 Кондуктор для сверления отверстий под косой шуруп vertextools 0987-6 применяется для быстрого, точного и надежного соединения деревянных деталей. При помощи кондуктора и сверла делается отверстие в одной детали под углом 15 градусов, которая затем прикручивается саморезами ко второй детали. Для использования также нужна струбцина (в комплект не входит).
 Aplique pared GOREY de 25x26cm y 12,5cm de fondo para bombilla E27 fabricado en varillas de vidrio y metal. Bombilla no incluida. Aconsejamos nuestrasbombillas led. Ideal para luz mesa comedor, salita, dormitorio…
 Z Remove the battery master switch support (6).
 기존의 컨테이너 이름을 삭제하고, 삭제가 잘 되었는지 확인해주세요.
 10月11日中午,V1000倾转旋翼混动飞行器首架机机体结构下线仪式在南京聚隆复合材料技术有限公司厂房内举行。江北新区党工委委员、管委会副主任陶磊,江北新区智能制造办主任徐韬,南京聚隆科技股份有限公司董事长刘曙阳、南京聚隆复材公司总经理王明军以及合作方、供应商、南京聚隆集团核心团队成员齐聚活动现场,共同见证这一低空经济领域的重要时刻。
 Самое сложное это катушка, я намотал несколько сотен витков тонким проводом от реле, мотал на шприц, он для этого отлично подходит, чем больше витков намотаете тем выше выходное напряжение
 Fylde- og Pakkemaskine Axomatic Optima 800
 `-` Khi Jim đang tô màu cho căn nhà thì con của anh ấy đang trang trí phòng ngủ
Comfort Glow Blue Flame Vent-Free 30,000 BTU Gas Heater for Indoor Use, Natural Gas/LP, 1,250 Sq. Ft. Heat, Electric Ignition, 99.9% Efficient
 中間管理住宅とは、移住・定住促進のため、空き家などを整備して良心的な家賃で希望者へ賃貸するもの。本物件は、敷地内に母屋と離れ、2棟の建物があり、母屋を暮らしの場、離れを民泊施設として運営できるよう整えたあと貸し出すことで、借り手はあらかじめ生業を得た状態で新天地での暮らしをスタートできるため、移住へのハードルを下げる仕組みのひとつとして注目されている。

....................

Exercise instructions - Every line of the listing must be transcribed exactly.

Task response -
 Кондуктор для сверления отверстий под косой шуруп vertextools 0987-6 применяется для быстрого, точного и надежного соединения деревянных деталей. При помощи кондуктора и сверла делается отверстие в одной детали под углом 15 градусов, которая затем прикручивается саморезами ко второй детали. Для использования также нужна струбцина (в комплект не входит).
 Aplique pared GOREY de 25x26cm y 12,5cm de fondo para bombilla E27 fabricado en varillas de vidrio y metal. Bombilla no incluida. Aconsejamos nuestrasbombillas led. Ideal para luz mesa comedor, salita, dormitorio…
 Z Remove the battery master switch support (6).
 기존의 컨테이너 이름을 삭제하고, 삭제가 잘 되었는지 확인해주세요.
 10月11日中午,V1000倾转旋翼混动飞行器首架机机体结构下线仪式在南京聚隆复合材料技术有限公司厂房内举行。江北新区党工委委员、管委会副主任陶磊,江北新区智能制造办主任徐韬,南京聚隆科技股份有限公司董事长刘曙阳、南京聚隆复材公司总经理王明军以及合作方、供应商、南京聚隆集团核心团队成员齐聚活动现场,共同见证这一低空经济领域的重要时刻。
 Самое сложное это катушка, я намотал несколько сотен витков тонким проводом от реле, мотал на шприц, он для этого отлично подходит, чем больше витков намотаете тем выше выходное напряжение
 Fylde- og Pakkemaskine Axomatic Optima 800
 `-` Khi Jim đang tô màu cho căn nhà thì con của anh ấy đang trang trí phòng ngủ
Comfort Glow Blue Flame Vent-Free 30,000 BTU Gas Heater for Indoor Use, Natural Gas/LP, 1,250 Sq. Ft. Heat, Electric Ignition, 99.9% Efficient
 中間管理住宅とは、移住・定住促進のため、空き家などを整備して良心的な家賃で希望者へ賃貸するもの。本物件は、敷地内に母屋と離れ、2棟の建物があり、母屋を暮らしの場、離れを民泊施設として運営できるよう整えたあと貸し出すことで、借り手はあらかじめ生業を得た状態で新天地での暮らしをスタートできるため、移住へのハードルを下げる仕組みのひとつとして注目されている。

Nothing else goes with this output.